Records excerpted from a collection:
--- START ---

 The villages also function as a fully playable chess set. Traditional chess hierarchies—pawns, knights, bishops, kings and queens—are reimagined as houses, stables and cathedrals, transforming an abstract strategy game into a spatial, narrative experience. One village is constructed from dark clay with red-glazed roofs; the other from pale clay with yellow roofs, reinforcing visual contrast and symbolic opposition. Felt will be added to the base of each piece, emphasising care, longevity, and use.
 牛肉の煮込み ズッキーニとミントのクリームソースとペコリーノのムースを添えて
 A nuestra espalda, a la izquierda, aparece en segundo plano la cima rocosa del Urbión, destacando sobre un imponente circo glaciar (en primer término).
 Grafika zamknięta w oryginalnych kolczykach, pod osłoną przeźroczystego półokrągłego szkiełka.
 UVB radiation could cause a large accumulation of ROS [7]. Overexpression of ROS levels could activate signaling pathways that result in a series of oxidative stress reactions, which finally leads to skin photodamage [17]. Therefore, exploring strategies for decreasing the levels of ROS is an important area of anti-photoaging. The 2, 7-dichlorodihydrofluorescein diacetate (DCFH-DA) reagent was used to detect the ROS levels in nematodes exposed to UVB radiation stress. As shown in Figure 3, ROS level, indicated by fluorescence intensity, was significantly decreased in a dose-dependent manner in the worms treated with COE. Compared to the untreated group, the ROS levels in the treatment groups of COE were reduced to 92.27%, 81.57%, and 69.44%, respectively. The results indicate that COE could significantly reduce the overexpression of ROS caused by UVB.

--- END ---
--- START ---

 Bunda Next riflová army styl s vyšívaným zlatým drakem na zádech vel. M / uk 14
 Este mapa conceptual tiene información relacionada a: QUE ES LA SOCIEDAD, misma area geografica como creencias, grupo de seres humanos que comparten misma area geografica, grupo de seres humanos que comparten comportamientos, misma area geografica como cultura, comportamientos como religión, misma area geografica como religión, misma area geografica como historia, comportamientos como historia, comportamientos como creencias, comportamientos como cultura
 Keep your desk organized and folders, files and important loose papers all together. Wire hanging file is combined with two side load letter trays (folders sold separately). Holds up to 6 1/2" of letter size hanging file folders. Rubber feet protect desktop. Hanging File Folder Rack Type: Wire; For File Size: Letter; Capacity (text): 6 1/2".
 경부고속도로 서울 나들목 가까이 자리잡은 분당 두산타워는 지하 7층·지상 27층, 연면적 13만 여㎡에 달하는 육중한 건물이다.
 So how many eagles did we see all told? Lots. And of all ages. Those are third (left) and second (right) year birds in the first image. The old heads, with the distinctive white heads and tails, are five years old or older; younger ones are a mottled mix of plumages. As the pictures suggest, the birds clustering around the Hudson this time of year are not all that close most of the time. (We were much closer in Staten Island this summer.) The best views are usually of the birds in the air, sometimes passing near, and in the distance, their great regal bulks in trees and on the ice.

--- END ---
--- START ---

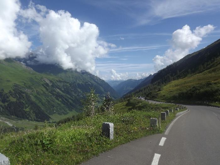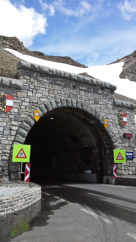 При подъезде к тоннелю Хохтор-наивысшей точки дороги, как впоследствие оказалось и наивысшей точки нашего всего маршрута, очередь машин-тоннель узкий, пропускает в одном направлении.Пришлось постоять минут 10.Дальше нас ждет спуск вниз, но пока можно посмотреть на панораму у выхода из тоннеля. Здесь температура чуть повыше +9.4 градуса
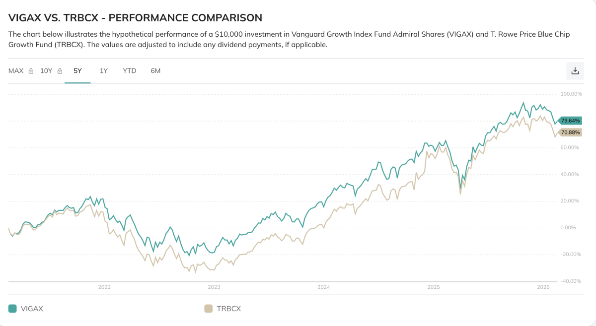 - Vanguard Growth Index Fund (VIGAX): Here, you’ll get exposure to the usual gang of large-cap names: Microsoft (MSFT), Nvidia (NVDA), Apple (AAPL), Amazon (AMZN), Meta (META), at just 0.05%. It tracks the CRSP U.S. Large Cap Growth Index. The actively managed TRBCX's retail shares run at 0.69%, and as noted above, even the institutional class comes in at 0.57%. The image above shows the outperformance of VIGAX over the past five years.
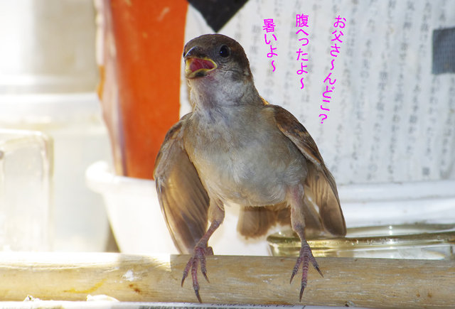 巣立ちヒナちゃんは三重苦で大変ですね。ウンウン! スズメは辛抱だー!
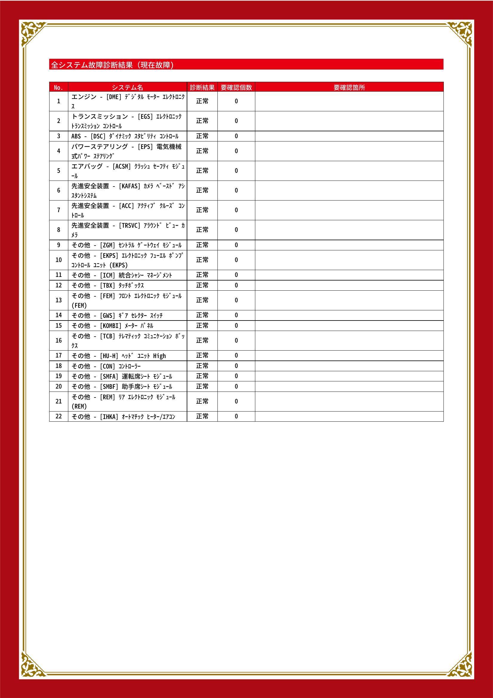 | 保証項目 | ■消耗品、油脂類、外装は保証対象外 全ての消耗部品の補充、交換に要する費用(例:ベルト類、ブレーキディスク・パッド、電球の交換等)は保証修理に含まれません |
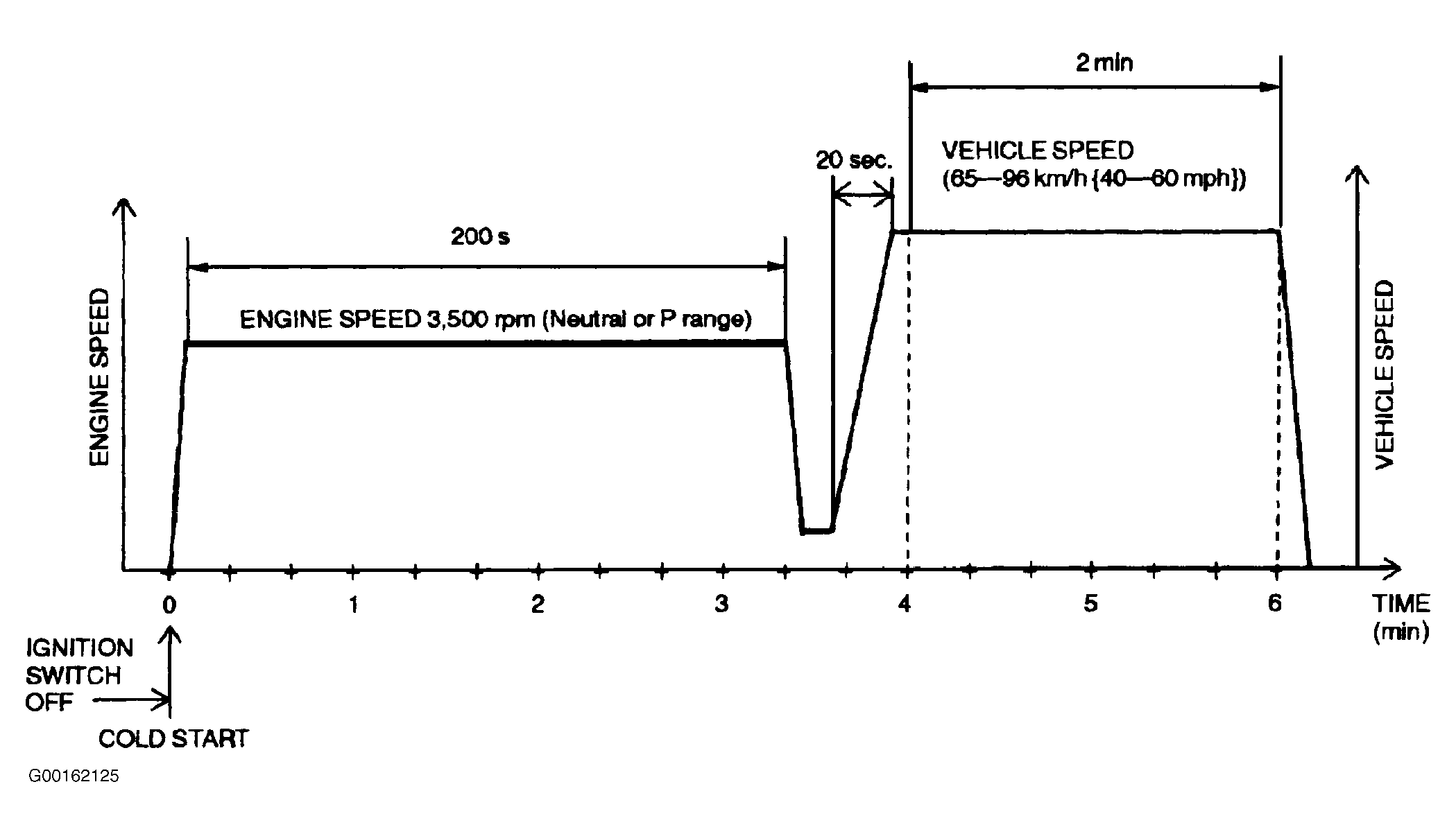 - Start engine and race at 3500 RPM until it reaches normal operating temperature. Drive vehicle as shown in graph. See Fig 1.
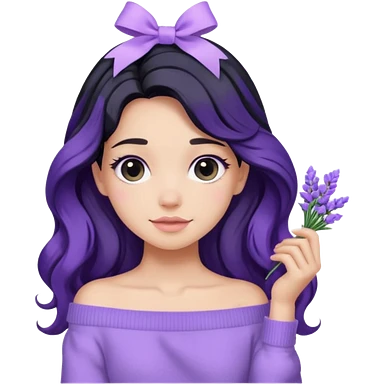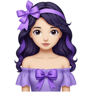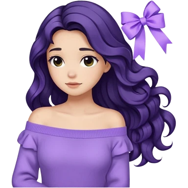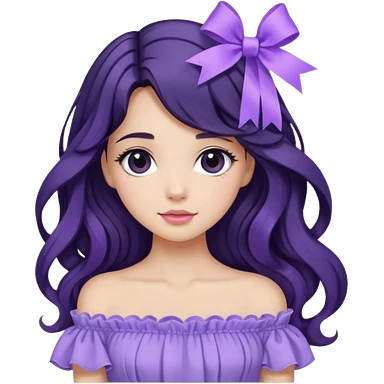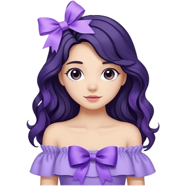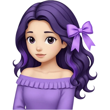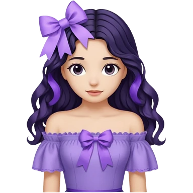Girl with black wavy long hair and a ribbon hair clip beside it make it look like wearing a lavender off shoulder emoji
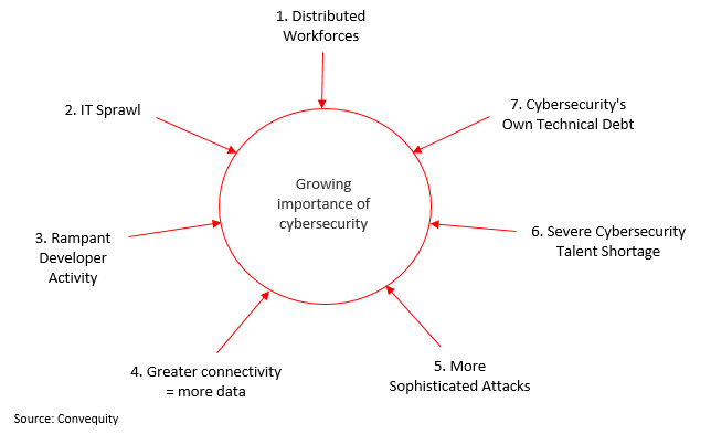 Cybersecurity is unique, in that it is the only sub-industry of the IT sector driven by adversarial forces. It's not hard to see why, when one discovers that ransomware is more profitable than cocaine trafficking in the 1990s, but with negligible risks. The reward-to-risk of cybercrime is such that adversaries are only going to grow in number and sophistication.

--- END ---

* **Work task**
Collect from the data above every line that includes "important".

* **Response**
 UVB radiation could cause a large accumulation of ROS [7]. Overexpression of ROS levels could activate signaling pathways that result in a series of oxidative stress reactions, which finally leads to skin photodamage [17]. Therefore, exploring strategies for decreasing the levels of ROS is an important area of anti-photoaging. The 2, 7-dichlorodihydrofluorescein diacetate (DCFH-DA) reagent was used to detect the ROS levels in nematodes exposed to UVB radiation stress. As shown in Figure 3, ROS level, indicated by fluorescence intensity, was significantly decreased in a dose-dependent manner in the worms treated with COE. Compared to the untreated group, the ROS levels in the treatment groups of COE were reduced to 92.27%, 81.57%, and 69.44%, respectively. The results indicate that COE could significantly reduce the overexpression of ROS caused by UVB.
 Keep your desk organized and folders, files and important loose papers all together. Wire hanging file is combined with two side load letter trays (folders sold separately). Holds up to 6 1/2" of letter size hanging file folders. Rubber feet protect desktop. Hanging File Folder Rack Type: Wire; For File Size: Letter; Capacity (text): 6 1/2".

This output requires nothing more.